SiMoD 2024

Abstract: Andrew will discuss engineering tradeoffs made when building Apache DataFusion, an open source and extensible query engine used as the basis of many commercial and open source projects. These decisions (mostly) favored simplicity and worked better than initially expected. He will cover the rationale for which parts of DataFusion use pre-existing standards such as Arrow and Parquet, and which parts are built “from scratch” such as vectorized hashing and normalized sort keys. He will also discuss DataFusion’s design philosophy of extensible APIs paired with simple default implementations. Finally, he will offer lessons learned and enumerate some things that worked well and what could have been improved.

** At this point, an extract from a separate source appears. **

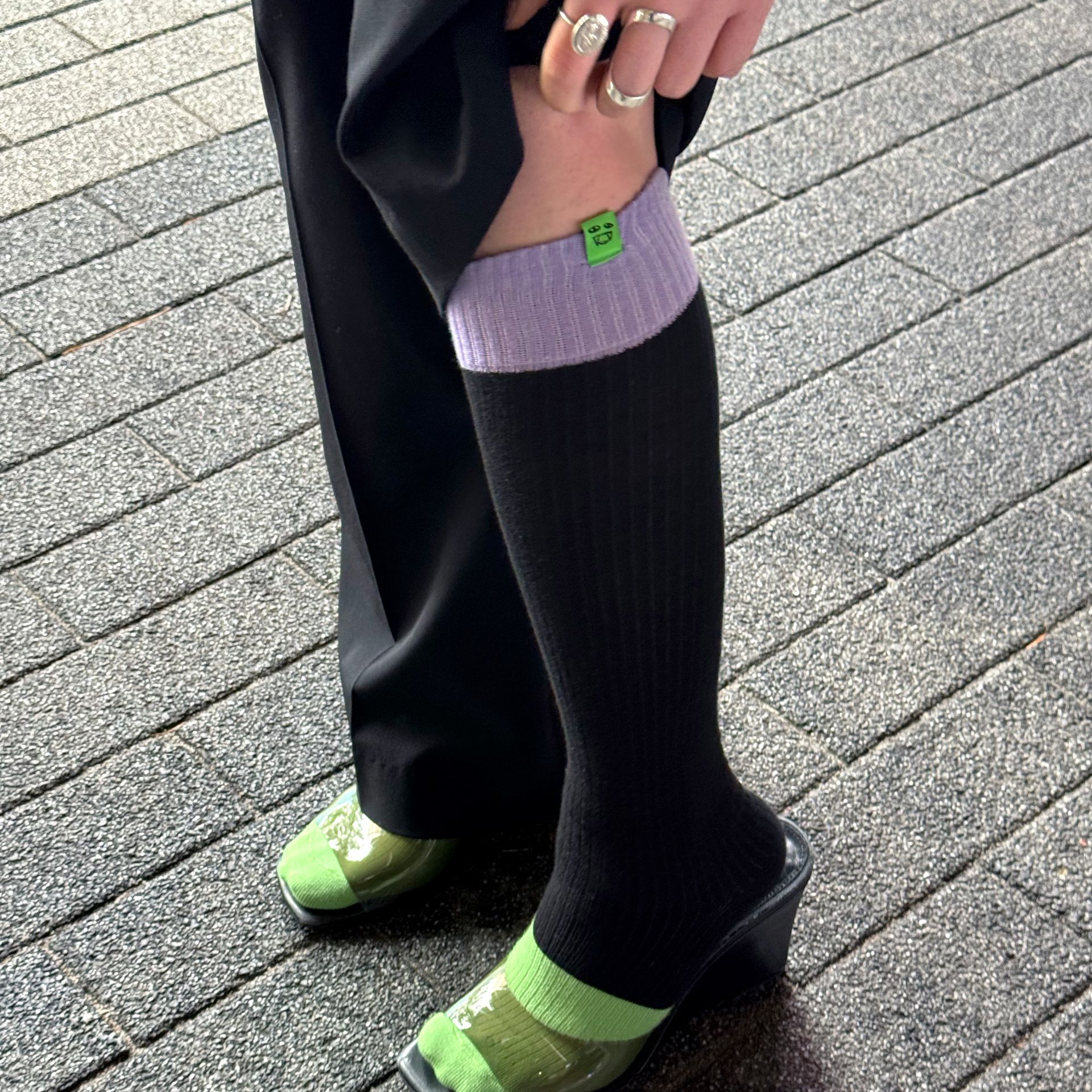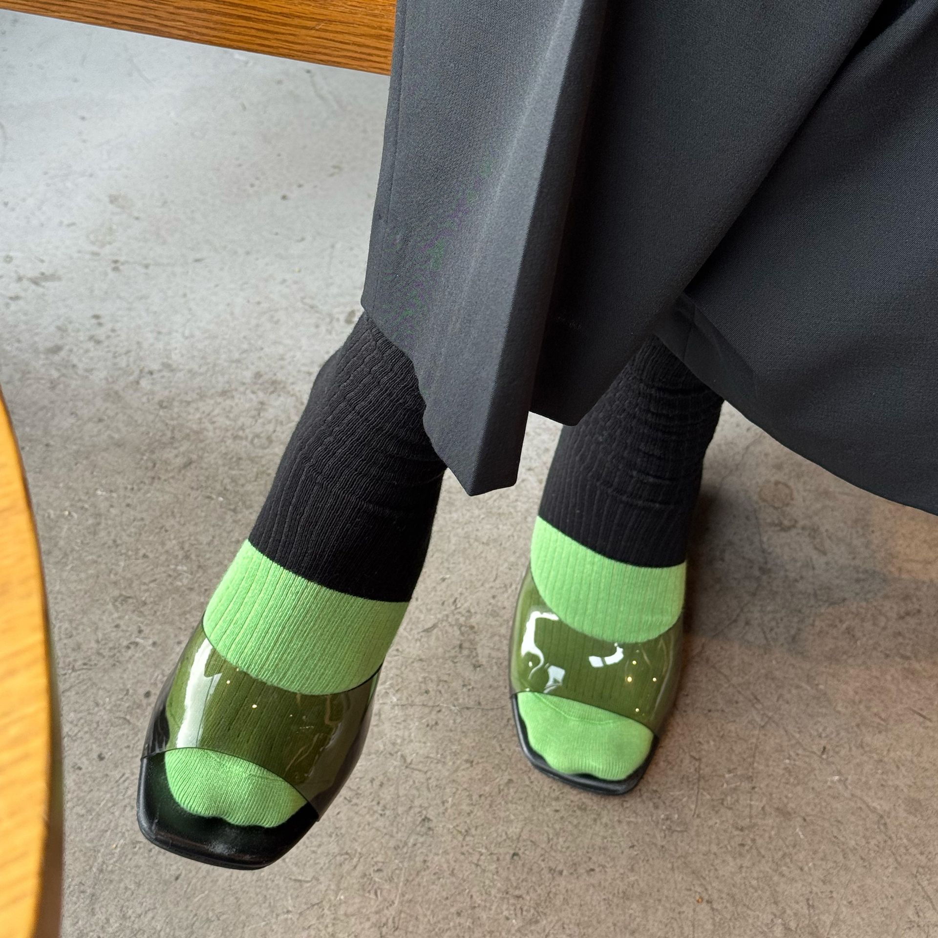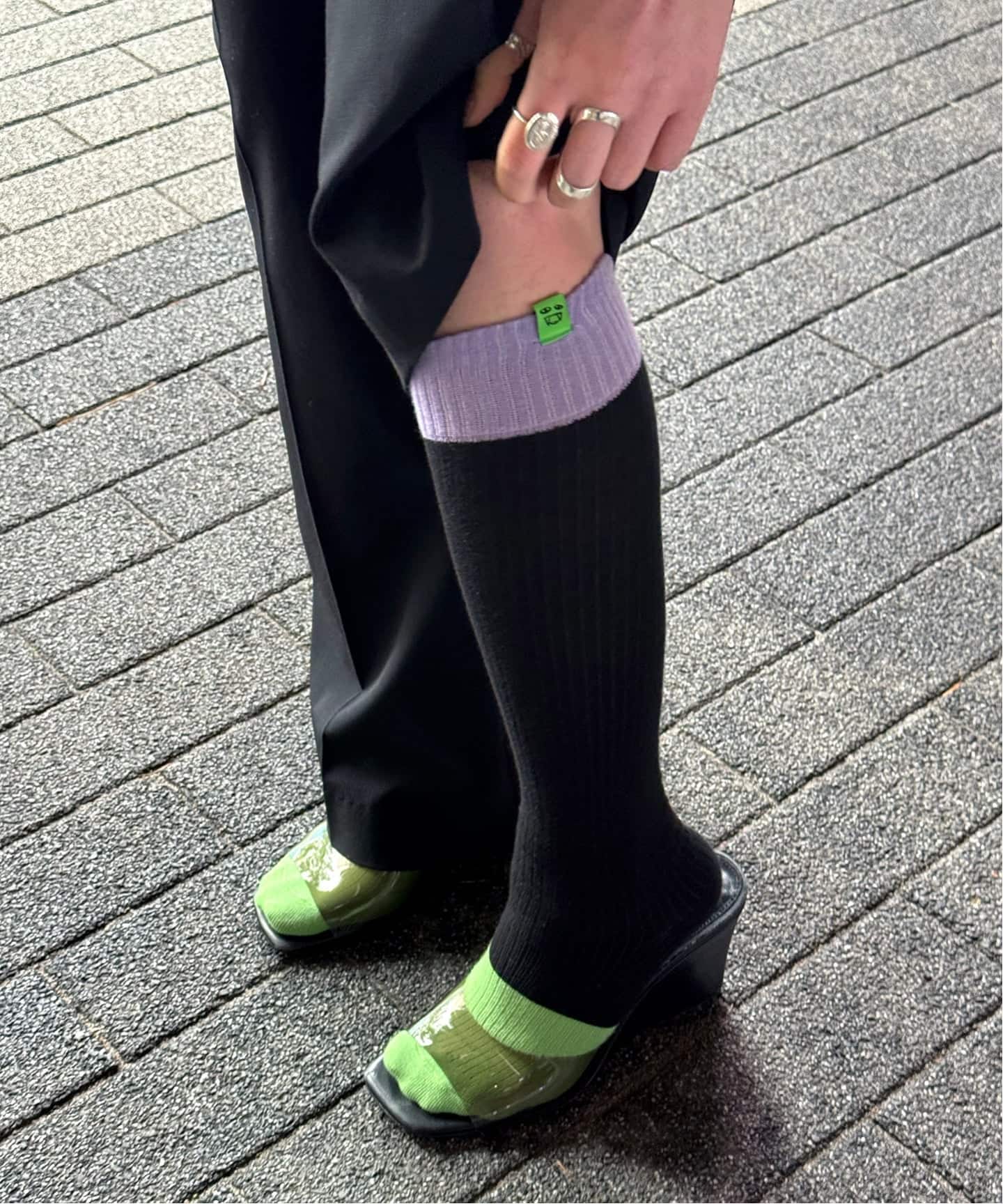 つま先とリブにシティモンカラーを効かせた、マルチカラーのハイソックス。

Bio: Andrew Lamb has experience in environments from 2 developers in a VC's office, to large multinational corporations and distributed open source projects. He focuses on systems programming (e.g. databases), and platform engineering, and has paid leadership dues as both an architect and manager/VP. As a Staff Engineer at InfluxData, he works on InfluxDB 3.0's IOx Engine, a new timeseries database written in Rust. He is a Member of the Apache Software Foundation, and a member of, and past chair of the Apache Arrow PMC, and actively contributes to Apache Arrow DataFusion query engine and the Apache Arrow Rust implementation.

Invited Talk - A Simple Approach to Transactions in Database Systems

Speaker: José Orlando Pereira, Associate Professor at U. Minho and Senior Researcher at INESCTEC (Portugal)

Abstract: Reversing the trend of early designs, current NoSQL and NewSQL data management systems increasingly provide some form of multi-item transactional isolation, recovery, and replication. Although these capabilities are more diverse than in traditional SQL systems, architecturally, their implementation is still done much like in those systems, at the storage management layer. We report our experience with a simpler and more flexible approach: Implementing multi-item transactions logically at the query processing level and with a high-level query language. We detail how this idea came to be, summarize current results, and discuss the technical requirements for a database management system to make this possible and efficient.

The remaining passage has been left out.